Your AI coding agent has amnesia

Every AI coding agent session starts from scratch. Your teammate spent 10–15 minutes (and a bunch of tokens) teaching Claude Code about your deployment patterns yesterday. Today you open a new session and it has no idea. All that context just evaporated.

This has been bugging me. We just had our hackathon at Apella (always a good time — extra good when you get to build something you actually want to exist) and I used it as an excuse to take a real stab at this.

The short version: I built a shared persistent memory system for Claude Code. Not individual memory — organizational. The kind where one engineer’s session teaches every future session across the team. Markdown files in a Git repo, two custom skills, no vector DB, no infra beyond what every dev already has installed.

End of session → distill what you learned into a structured note. Start of session → pull in what’s relevant to your current work. Knowledge compounds instead of disappearing.

Sounds nice in theory. So I ran 118 controlled experiments to find out.

Cold vs memory correctness — bar chart

Same coding task, two Claude Code agents running in parallel. One cold start, one with memory loaded. Both scored against a weighted correctness checklist — not vibes, actual pass/fail checks on things the output needs to get right.

Cold: 77.7% correctness. 4 perfect scores out of 118. Memory: 98.4% correctness. 107 perfect scores out of 118.

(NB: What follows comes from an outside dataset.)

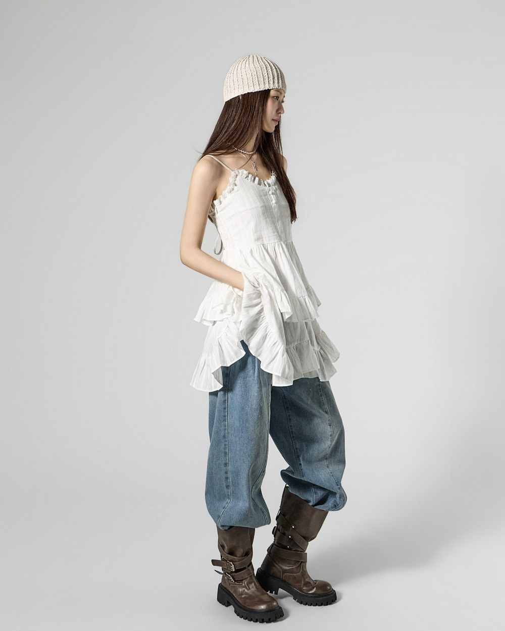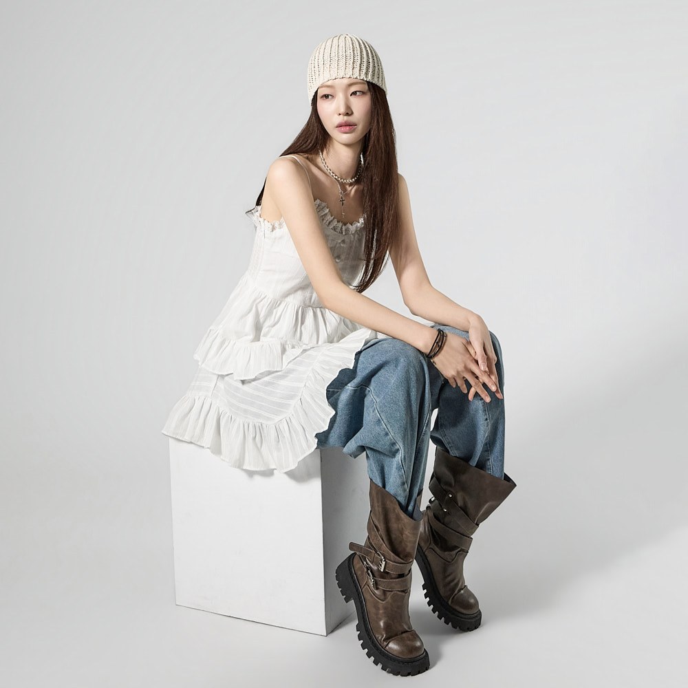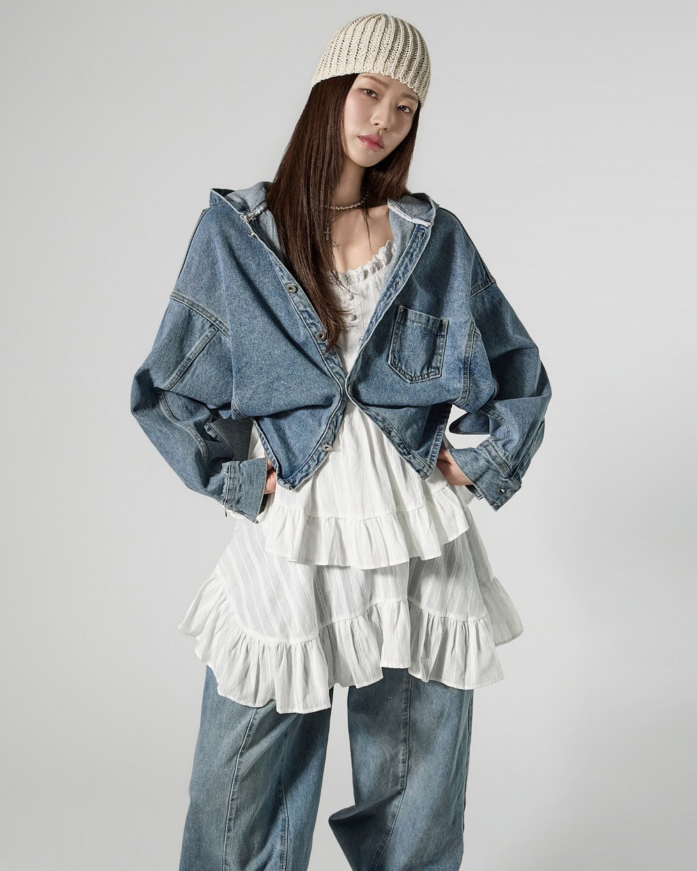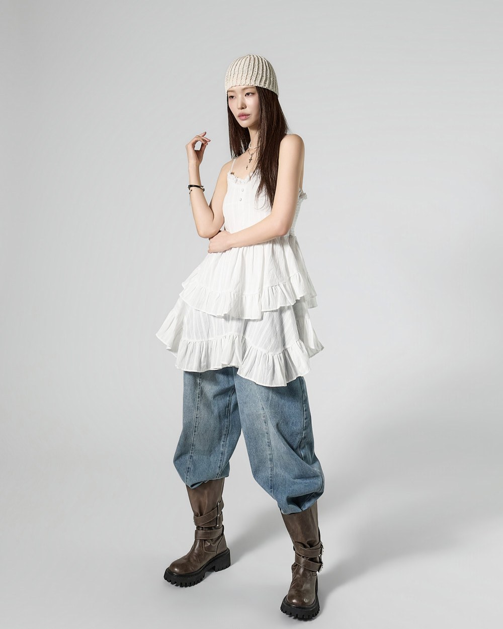 러블리한 무드의 프릴 슬리브리스 원피스입니다.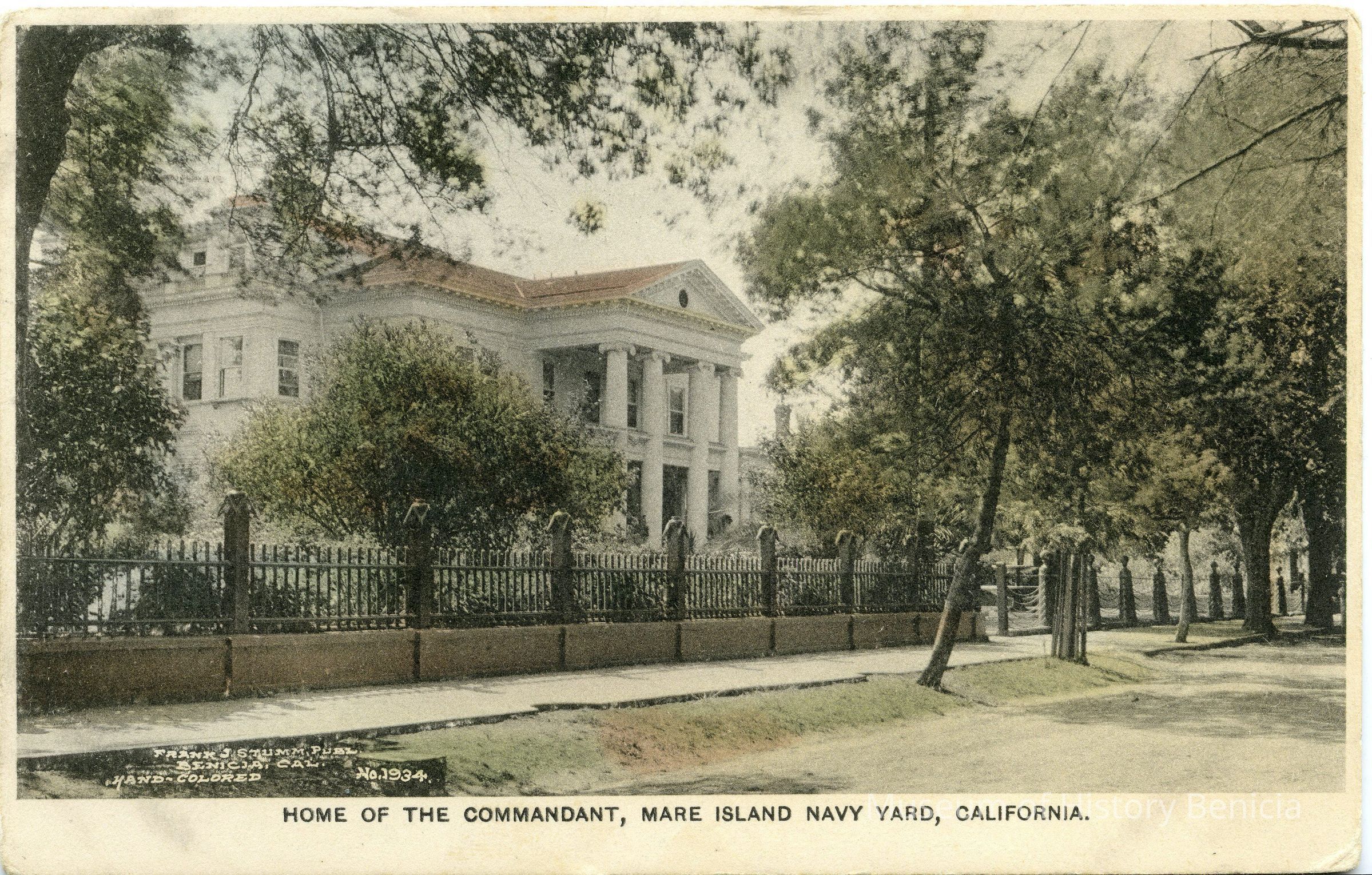 This is a divided back postcard of the Commandant's home on Mare Island, Vallejo. It is marked Frank J Stumm Publisher Benicia, CA. It is a picture of a large home with a wrought iron fence.

Both agents ace the straightforward stuff — file creation, right libraries, CI config. Near 100% either way. The entire gap is what I’m calling tribal knowledge. Patterns that live in your team’s head but nowhere in the codebase. Things you’d drop in Slack but never think to put in a README. One check went from a 3% pass rate to 95%.

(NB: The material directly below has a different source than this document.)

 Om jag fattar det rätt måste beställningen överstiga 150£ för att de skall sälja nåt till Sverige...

Perfect runs: 4 cold vs 107 memory

Cold agents that throw 2x the tokens at the problem still plateau at ~86%. They can’t discover what doesn’t exist in the code. And when you filter to only perfect runs, memory is actually cheaper ($1.46 vs $1.73). You literally cannot brute-force institutional knowledge. But you can write it down.

Hackathon project. Sticks and stones. 118 runs later I’m convinced the mechanism works. The question isn’t “does giving an agent context help” — obviously. It’s what happens when every session your team runs deposits knowledge for the next one.

More soon. Turns out writing the notes is only half the problem.